**** Available data ****

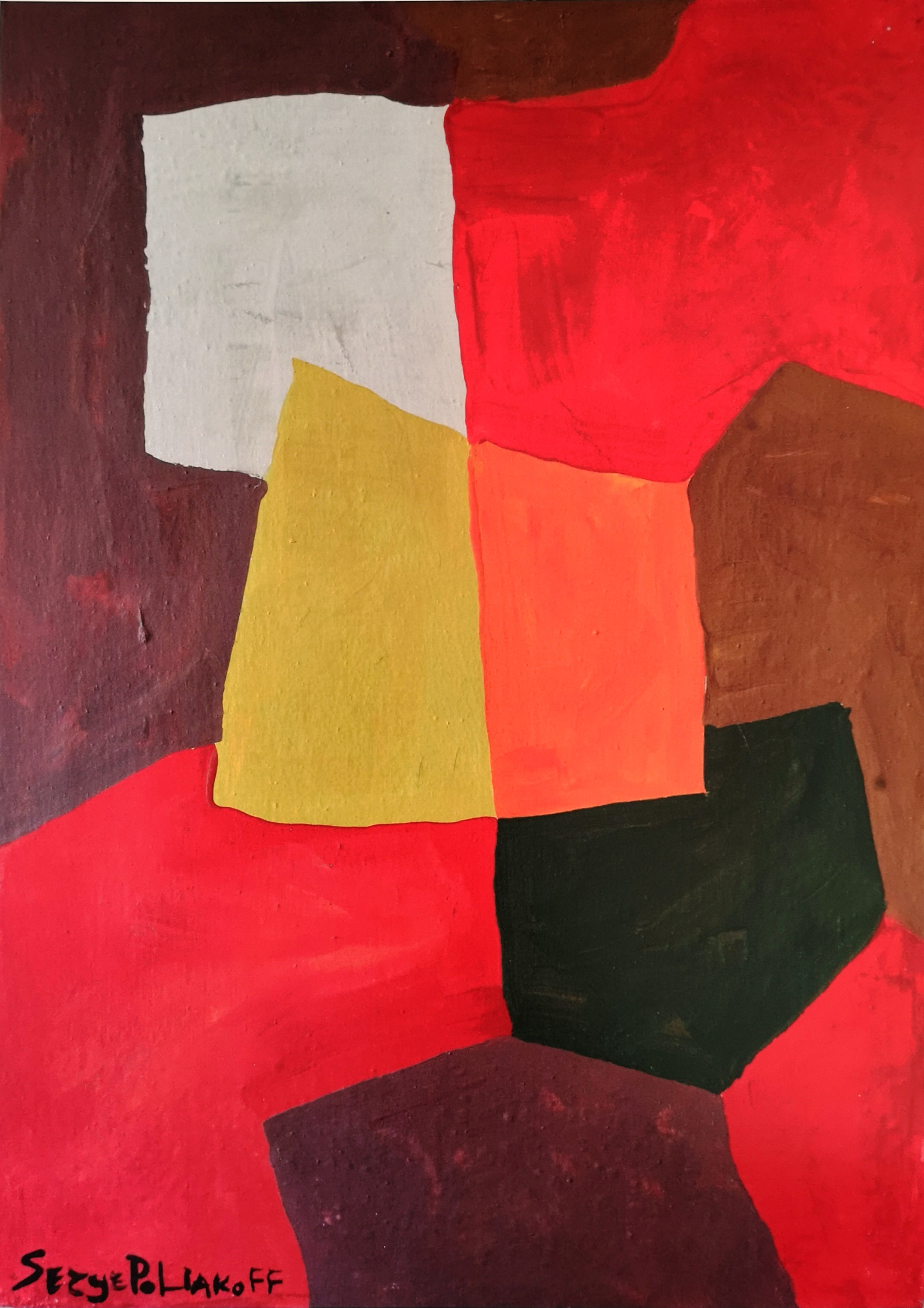 Serge Poliakoff : (1900-1969) est un peintre français d'origine russe (né à Moscou) appartenant à la nouvelle École de Paris. Il fait ses premiers pas dans l'art à l'école de dessin de Moscou. Quittant la Russie en 1918 (ou 1919) il arrive en 1920 à Constantinople, subsistant grâce à son talent de guitariste. Passant par Sofia, Belgrade, Vienne et Berlin Poliakoff s'établit en 1923 à Paris où il ne cessera de jouer dans les cabarets russes. En 1929, il s'inscrit à l'Académie de la Grande Chaumière. Ses peintures demeurent académiques jusqu'à la découverte qu'il fait à Londres — où il séjourne de 1935 à 1937 — de l'art abstrait et de la luminosité des couleurs des sarcophages égyptiens. Il se lie peu après avec Kandinsky, Sonia Delaunay et Robert Delaunay, Otto Freundlich. En 1935, rencontre coup de foudre avec la Britannique Marcelle Perreur Loyd qui deviendra sa femme et son plus fidèle soutien. Sa peinture se dégageant de toute représentation, Poliakoff est rapidement considéré comme l'un des peintres les plus puissants de sa génération. En 1962, une salle est réservée à ses peintures à la Biennale de Venise et Poliakoff est naturalisé français la même année. Ses œuvres figurent dans la plupart des musées européens et new-yorkais. Poliakoff a aussi travaillé la céramique à la Manufacture nationale de Sèvres. Il incita Arman à faire de la peinture. En 1965, Yves Saint Laurent signe une robe Poliakoff et une robe Mondrian. En 1970, première exposition au musée d'Art moderne de la Ville de Paris. En 1972, exposition avec Avigdor Arikha, Balthus, François Heaulmé, Giorgio Morandi, Mark Tobey, à la Galerie Hervé Odermatt, Paris. En 2006, Poliakoff fait partie des peintres rassemblés au Musée du Luxembourg (Sénat) pour l'exposition L'Envolée lyrique, Paris 1945-1956 (Composition en brun, 1947, Ny Carlsberg Glypothek, Copenhague; Composition rouge avec trait, 1952, Musée de Cologne; Composition IV, 1954). En 2013, le Musée d'art moderne de la ville de Paris consacre au peintre abstrait une importante rétrospective de près de 150 œuvres réalisées entre 1946 et 1969. Intitulée « Serge Poliakoff, le rêve des formes) ». Cette même année, la galerie Applicat-Prazan expose une vingtaine d'œuvre de Serge Poliakoff à la 40è édition de la FIAC.
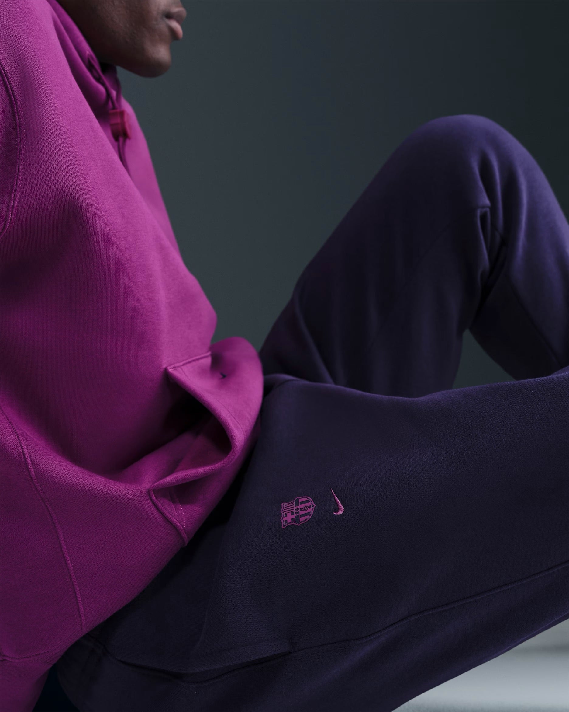 La tuta Nike FC Barcelona Club da uomo combina stile e funzionalità, ideale per gli appassionati del calcio. Realizzata con materiali di alta qualità, offre comfort e traspirabilità durante l'attività sportiva o il tempo libero. Il design viola, ispirato ai colori del Barcellona, garantisce un look distintivo e moderno, perfetto per sostenere la propria squadra con eleganza.
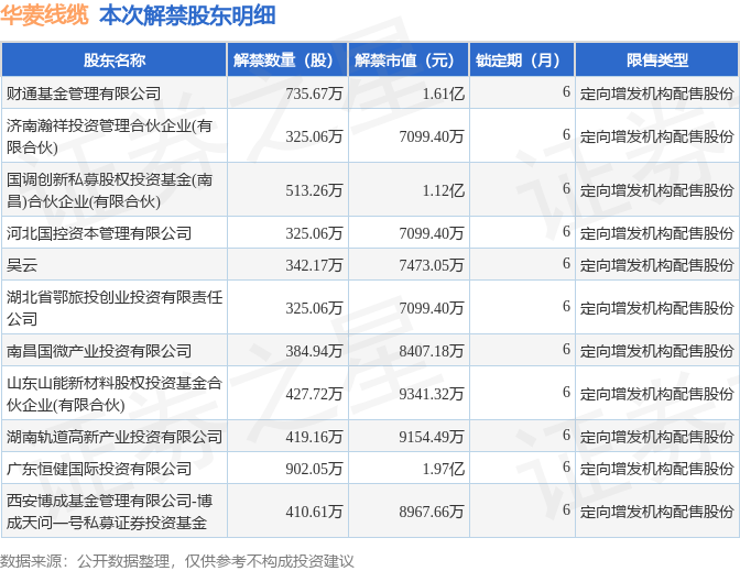 证券之星消息,根据市场公开信息整理,华菱线缆(001208)于4月21日将有5110.78万股限售股份解禁,为公司定向增发机构配售股份,占公司总股本8.01%。(本次数据根据历史公告整理得出,实际情况以上市公司最新公告为准)本次解禁后,公司还有3.2亿股限售股份,占总股本50.07%。具体如下图所示:
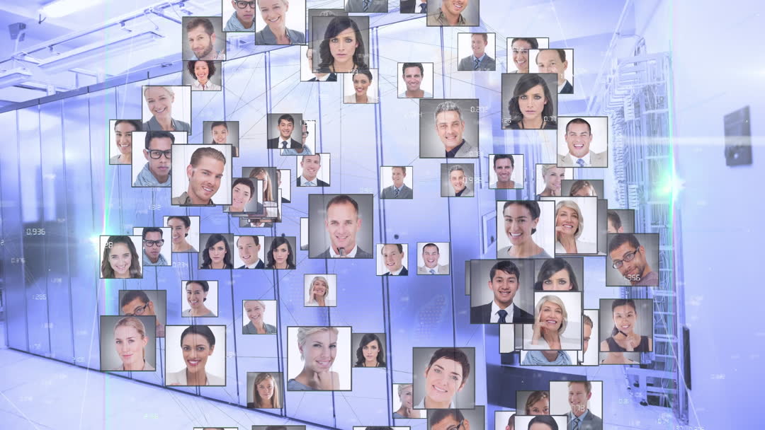 Visualization showing interconnected user profiles rotating around a globe over server room, illustrating theme of global networking and communication through technology. Useful for depicting concepts related to data, connections, information technology, as well as digital relationships and communication across tech platforms.

****

- _What to work on_: In your copy of the listing above, reproduce each line exactly and omit all pictures.

- _Written response_:
 Serge Poliakoff : (1900-1969) est un peintre français d'origine russe (né à Moscou) appartenant à la nouvelle École de Paris. Il fait ses premiers pas dans l'art à l'école de dessin de Moscou. Quittant la Russie en 1918 (ou 1919) il arrive en 1920 à Constantinople, subsistant grâce à son talent de guitariste. Passant par Sofia, Belgrade, Vienne et Berlin Poliakoff s'établit en 1923 à Paris où il ne cessera de jouer dans les cabarets russes. En 1929, il s'inscrit à l'Académie de la Grande Chaumière. Ses peintures demeurent académiques jusqu'à la découverte qu'il fait à Londres — où il séjourne de 1935 à 1937 — de l'art abstrait et de la luminosité des couleurs des sarcophages égyptiens. Il se lie peu après avec Kandinsky, Sonia Delaunay et Robert Delaunay, Otto Freundlich. En 1935, rencontre coup de foudre avec la Britannique Marcelle Perreur Loyd qui deviendra sa femme et son plus fidèle soutien. Sa peinture se dégageant de toute représentation, Poliakoff est rapidement considéré comme l'un des peintres les plus puissants de sa génération. En 1962, une salle est réservée à ses peintures à la Biennale de Venise et Poliakoff est naturalisé français la même année. Ses œuvres figurent dans la plupart des musées européens et new-yorkais. Poliakoff a aussi travaillé la céramique à la Manufacture nationale de Sèvres. Il incita Arman à faire de la peinture. En 1965, Yves Saint Laurent signe une robe Poliakoff et une robe Mondrian. En 1970, première exposition au musée d'Art moderne de la Ville de Paris. En 1972, exposition avec Avigdor Arikha, Balthus, François Heaulmé, Giorgio Morandi, Mark Tobey, à la Galerie Hervé Odermatt, Paris. En 2006, Poliakoff fait partie des peintres rassemblés au Musée du Luxembourg (Sénat) pour l'exposition L'Envolée lyrique, Paris 1945-1956 (Composition en brun, 1947, Ny Carlsberg Glypothek, Copenhague; Composition rouge avec trait, 1952, Musée de Cologne; Composition IV, 1954). En 2013, le Musée d'art moderne de la ville de Paris consacre au peintre abstrait une importante rétrospective de près de 150 œuvres réalisées entre 1946 et 1969. Intitulée « Serge Poliakoff, le rêve des formes) ». Cette même année, la galerie Applicat-Prazan expose une vingtaine d'œuvre de Serge Poliakoff à la 40è édition de la FIAC.
 La tuta Nike FC Barcelona Club da uomo combina stile e funzionalità, ideale per gli appassionati del calcio. Realizzata con materiali di alta qualità, offre comfort e traspirabilità durante l'attività sportiva o il tempo libero. Il design viola, ispirato ai colori del Barcellona, garantisce un look distintivo e moderno, perfetto per sostenere la propria squadra con eleganza.
 证券之星消息,根据市场公开信息整理,华菱线缆(001208)于4月21日将有5110.78万股限售股份解禁,为公司定向增发机构配售股份,占公司总股本8.01%。(本次数据根据历史公告整理得出,实际情况以上市公司最新公告为准)本次解禁后,公司还有3.2亿股限售股份,占总股本50.07%。具体如下图所示:
 Visualization showing interconnected user profiles rotating around a globe over server room, illustrating theme of global networking and communication through technology. Useful for depicting concepts related to data, connections, information technology, as well as digital relationships and communication across tech platforms.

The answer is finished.